My mom was never a Mom to our family. She was just a mother, whom had given birth to me, and a wife, to many men. She beat me when I refused to wash the dishes, she reprimanded each and every one of us in the family when we disobeyed her. There was never a day when my half-siblings and I got spared. That is, until 22nd February'1997. I never forget this date because that was the day she left us for another man, the day she promised us a better life in the future, and the day, we last saw her. The unforgivable goodbye.
As i arrived at the given hospital room number, I hesitated as millions of thoughts raced through my mind. Have all my other siblings visited her? Should I leave or proceed in?
Abruptly, the door opened. A sprucely dressed nurse, seemingly in her forties came out. She scrutinized me as i shrank back in fear of her piercing eyes. "Are you Stephanie?" she asked me dubiously.

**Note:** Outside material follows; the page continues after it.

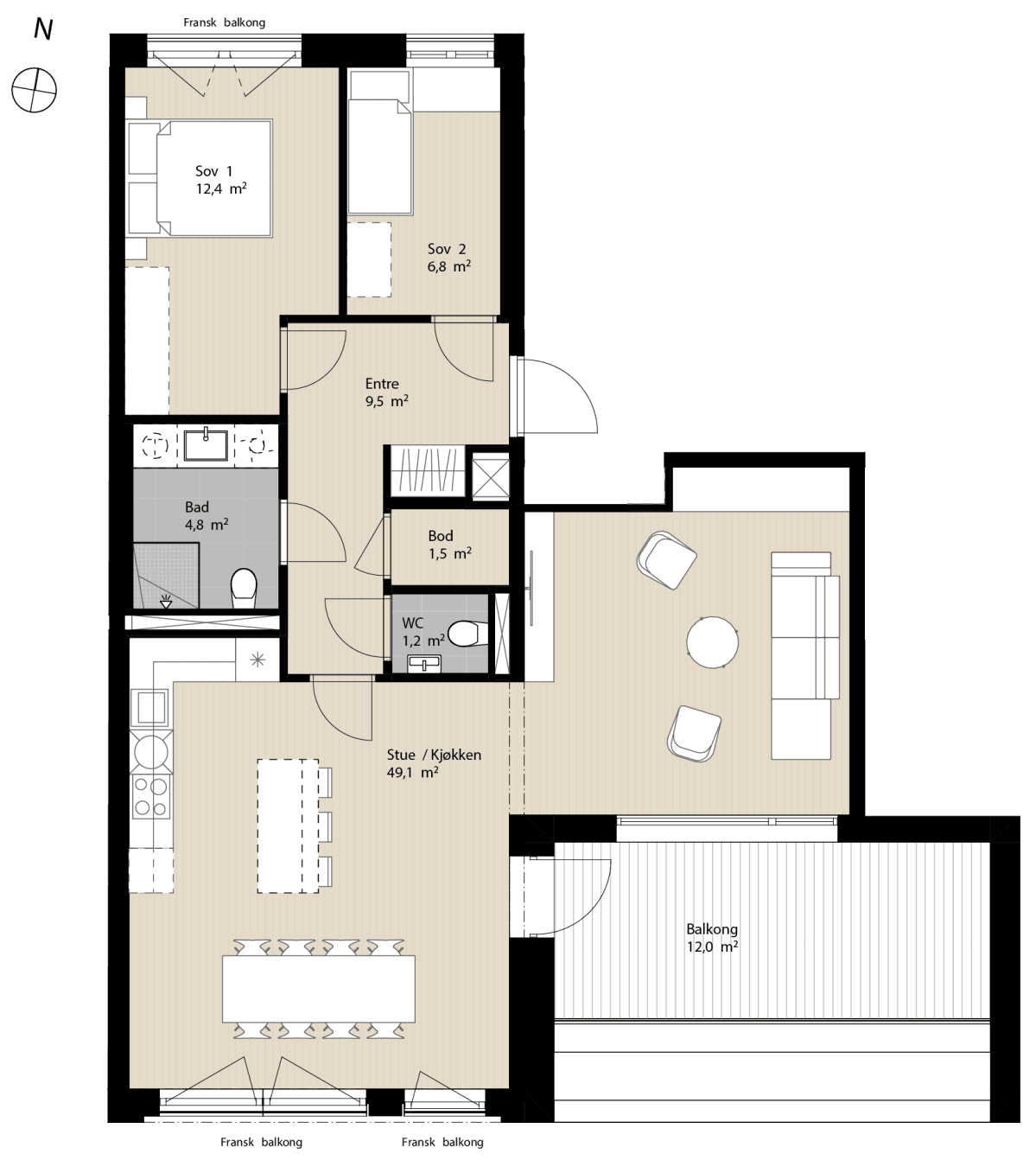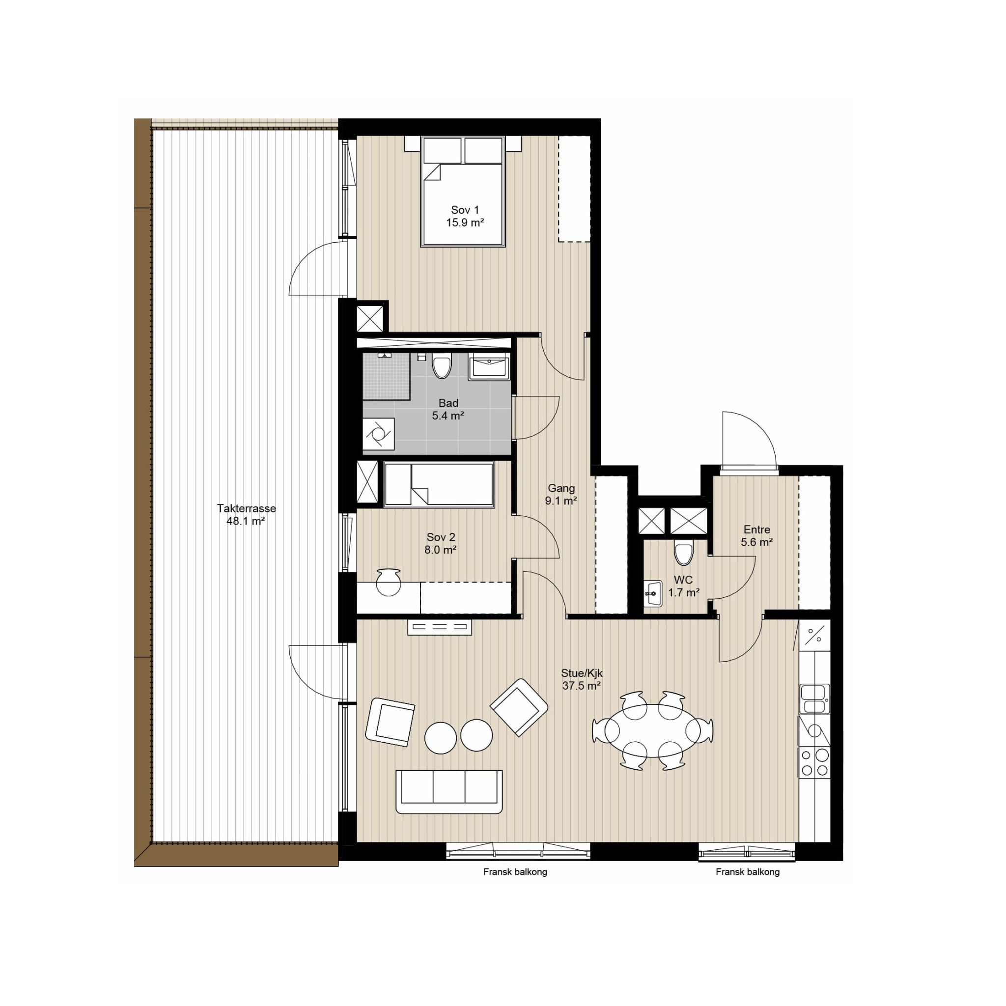 Nedenfor viser vi noen eksempler på noen av 3-roms leilighetene vi har til salgs i Fredheimkvartalet. Vi har også flere varianter, så ta gjerne en titt i boligvelgeren dersom du vil se flere objekter.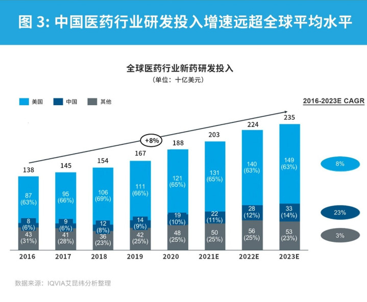 据了解,这并非我国初度通过技巧突破,错乱泰西在生物健康领域的把持。艾昆纬数据显露,连年来我国在联系行业研弘扬到了23%,远超人人平均水平。

She grasped the crook of my hand as soon as i nodded in agreement, and brought me to where my mom was lying at. My heart sank as I saw her frail figure. She was different from the woman that I loathed. The creases at the corner of her eyes had deepened, and her face was hollowed out from her weight loss. Her thick long hair had been stripped away away by the drugs that were meant to make her well. I moved closer as my leery eyes met her weak hazel eyes.
"Sorry," she muttered under her breath as tears layered her eyes.
"It's okay," I replied, "It's okay Mom."
We did not say much as she was too sick to talk. However, I accompanied her until Jenny, the nurse, acquainted that the visiting time was over.
"I will see you tomorrow, Mom," I whispered as i held her vulnerable hands.
She smiled and gestured me to make a move.
Mom died the next day, at two in the morning. Jenny informed me on her death and thanked me for making a visit the day before. She believed my mother left in peace after obtaining my forgiveness.
It was the fourteenth of June, another cloudy Tuesday when "work" was back on my mind. It was also the day my mom's friends and relatives came in black, including my half-siblings and I, and bid her a permanent farewell.